Présentation de l'éditeur :
2nd edition: This book belongs, in the words of Henning Mankell, 'in the shadowy world where history and imagination merge'... It was a sunny Saturday lunchtime in June 1944. Most of the inhabitants of a sleepy village situated in the ‘Free Zone’ of war-ravaged France were sitting down to a leisurely meal. Without warning, an attachment of Das Reich soldiers (the elite force of the Nazi’s Waffen-SS division) arrived. Hours later, 642 defenceless people had been massacred; their homes were smouldering ruins. From these embers emerged real, life-affirming stories of survival as individuals defied machine-guns, snipers, explosives and burning buildings to escape the clutches of the deadly wolf’s hook (the Das Reich emblem). Aimed at readers of twelve years or older, Wolf’s Hook is a factionalised account of the Das Reich attack on an innocent village.

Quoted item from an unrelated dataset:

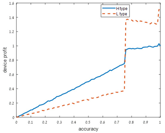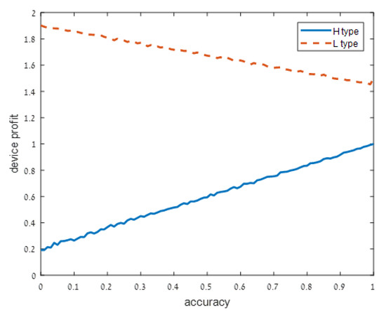 Figure 1 shows that when the signal on the device type is extremely noisy (), both high and low device types profit from a higher accuracy strategy q, but the high-risk device type is better off if . In other words, both device types profit from sharing more accurate information and support with the user, but high privacy risk devices should be careful not to fully utilize all of their capabilities.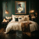 The moody teal, sage, and warm gold background envelops the figure in an atmosphere of quiet mystery, making this design a perfect centrepiece on furniture, frames, journals, or decorative wall panels. The flowing gown and dreamlike composition bring a romantic, fantastical quality that works beautifully in both contemporary and vintage-inspired interiors.

It recaptures the essence of what happened that day, using four first-person narrative strands: a waiter, a young boy, an SS soldier and a grandmother. Through their eyes we see the terrifying day unravel.
Biographie de l'auteur :
Rodney Marshall is married with two children, Jessica and Tomas. He divides his time between rural Suffolk (where he teaches English and creative writing at OBH) and South West France. He has written articles for The Sunday Times, property magazines and fanzines. He is the author of Blurred Boundaries, a study of Ian Rankin’s Rebus series. Wolf’s Hook is his first work of fiction. His father, from whom he gained a love of books and stories, is a well-known television and film writer, most famous for his work on The Avengers, The Sweeney and Lovejoy.